Question 9
What is the optimal consumption bundle, i.e. the solution to the original problem of maximizing \(log(x_{1})+log(x_{2})\) subject to the budget constraint \(p_{1}x_{1}+p_{2}x_{2}\)?
True \(\left(x_{1},x_{2}\right)=\left(\frac{y}{2\ p_{1}},\frac{y}{2\ p_{2}}\right)\)
False \(\left(x_{1},x_{2}\right)=(\frac{y}{\ p_{1}},\frac{y}{\ p_{2}})\)
Explanation:
Plugging \(\lambda^{*}=\frac{y}{2\ p_{1}p_{2}}\) into \(\left(x_{1}(\lambda),x_{2}(\lambda)\right)=(\lambda p_{2},\lambda p_{1})\) gives
\(\begin{equation}\left(x_{1}(\lambda^{*}),x_{2}(\lambda^{*})\right)=(\frac{y}{2\ p_{1}p_{2}}p_{2},\frac{y}{2\ p_{1}p_{2}}p_{1})=(\frac{y}{2\ p_{1}},\frac{y}{2\ p_{2}})\nonumber \\ \end{equation}\)

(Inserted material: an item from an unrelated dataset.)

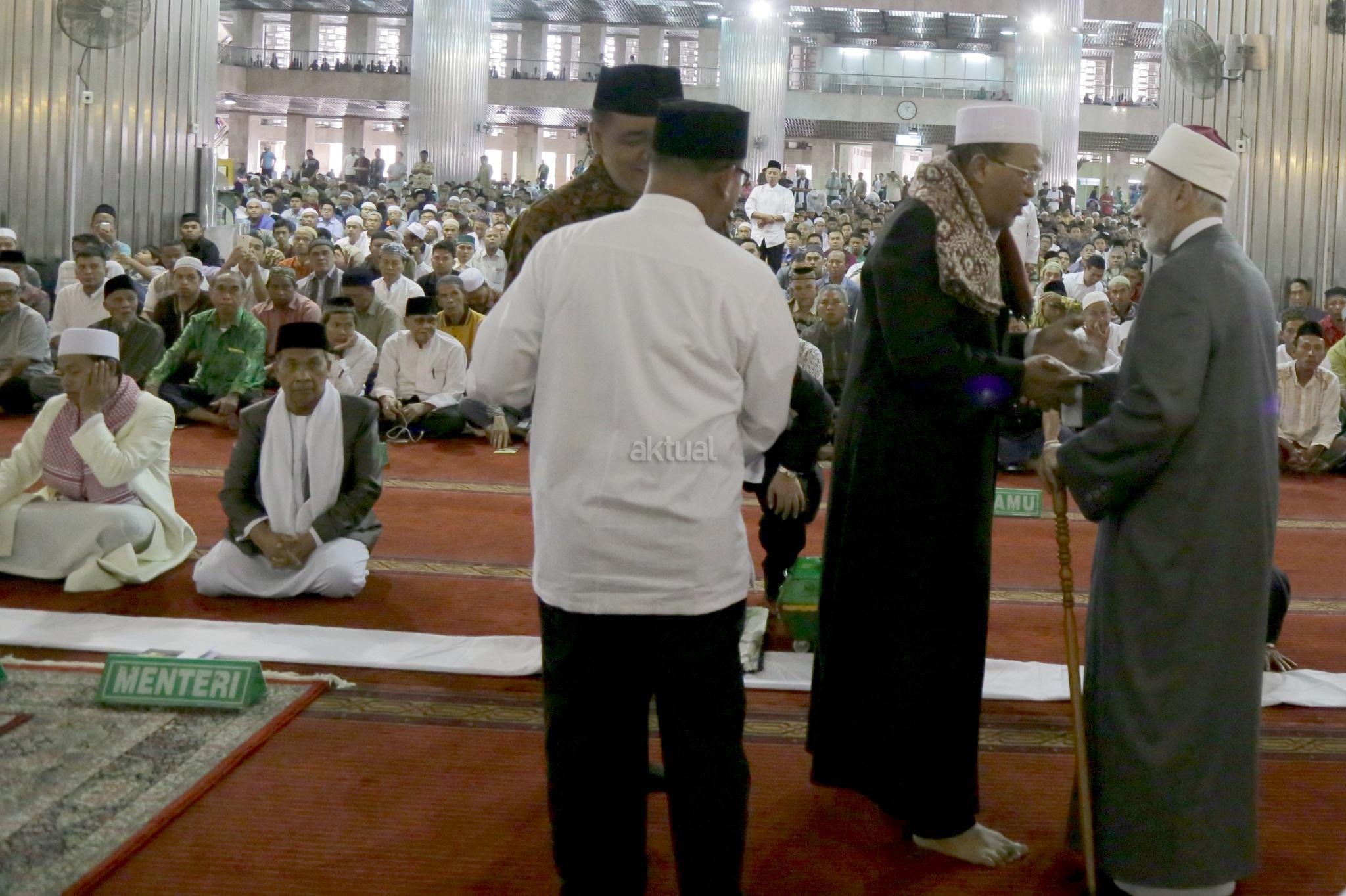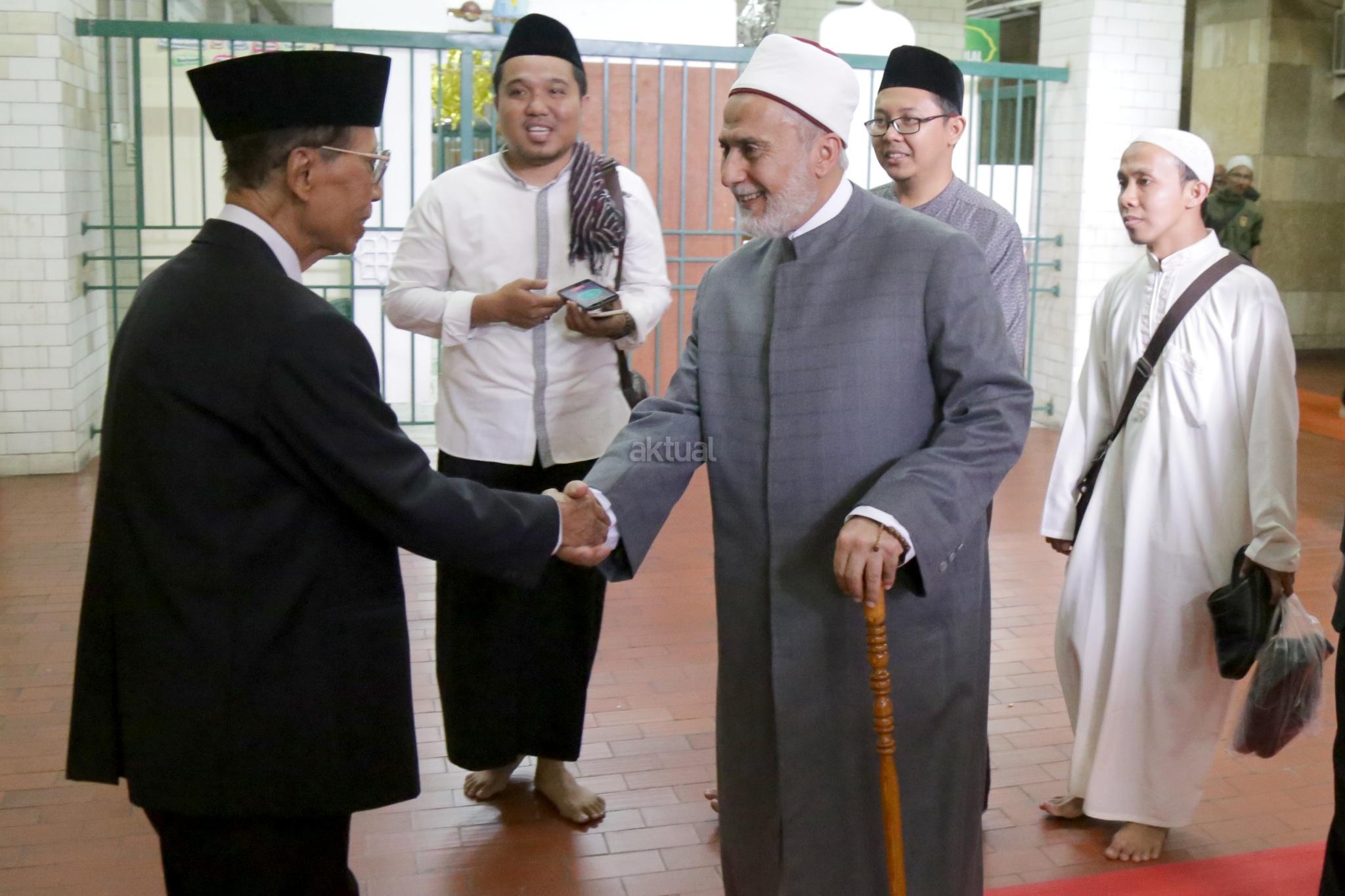 Maulana Syekh Dr. Yusri Rusydi Sayyid Jabr al-Hasani disambut Khotib Jumat KH Hamdan Rasyid di Masjid Istiqlal, Jakarta Pusat, Jumat (12/1/2018). Dalam kunjungannya, Syekh Yusri memberikan tauiyah usai Salat Jumat bersama di Masjid Istiqlal. AKTUAL/Tino Oktaviano

From our reasoning in the previous exercises, we know that \(\left(x_{1}(\lambda^{*}),x_{2}(\lambda^{*})\right)\) is a solution to the original problem of maximizing \(log(x_{1})+log(x_{2})\) subject to the budget constraint \(p_{1}x_{1}+p_{2}x_{2}\). One can also show that there is only one solution to this problem, so \(\left(x_{1}(\lambda^{*}),x_{2}(\lambda^{*})\right)\) is the unique solution.